Dr. C. Bruce Malone, the president of the Texas Medical Association, warned lawmakers in November that such cuts would cause physicians to stop taking both Medicaid and Medicare patients and lead to a minimum 20 percent reduction in revenue.

“The proposed rules penalize the physicians who care for the sickest and frailest Medicare patients,” he said. “They hit particularly hard practices in rural, inner-city and border Texas.”

By February, local and state medical associations said physicians with a high volume of dual-eligible patients were contacting them for help amid a cash-flow crisis.

Dr. Saenz said he also had not been reimbursed for any office visits or deductible-related procedures this year because of coding glitches. Texas health officials said they were solving the problem and that such claims will be resolved by March 30.

Ms. Goodman said her agency is sensitive to doctors’ concerns. It plans to exempt mental health services from the new limits and to increase Medicaid rates for cancer chemotherapy medications to the current Medicare rate.

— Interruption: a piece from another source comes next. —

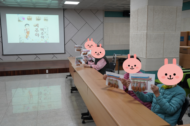 오늘은 ‘메주야’ 이야기를 들려주셨는데 강사님이 등장인물에 따라 목소리를 바꿔가며 읽어드리니 환우분들은 금세 빠져들어 이야기 꽃을 피우셨다. “나는 메주를 잘 만들었어! 콩을 삶아서 바로 먹으면 맛있지!”, “새아기 때 메주를 잘 만든다고 칭찬받았어”라며 옛 기억을 떠올리셨다. 동화구연 다음으로 클레이를 이용하여 메주를 만들어 보았다. 먼저 메주와 비슷한 색을 만들기 위해 색깔을 섞어서 조물조물 반죽했다. 그리고 클레이를 바닥에 두들기며 네모 모양으로 만들고 끈으로 엮으니 그럴싸한 메주가 되었다.

Many clinics will absorb the changes. Dr. Saenz said his practice — where 80 percent of the patients rely on Medicaid or Medicare and half qualify for both — cannot. After depleting his savings, he has asked a bank for credit so he can continue to operate and make payroll.

Though he desperately needs payment from the government, he refuses to turn away his oldest patients.

”I can’t do that,” he said. “I grew up with them; they grew up with me. But if I only see them, I’m going to be out of business. So what do you do?”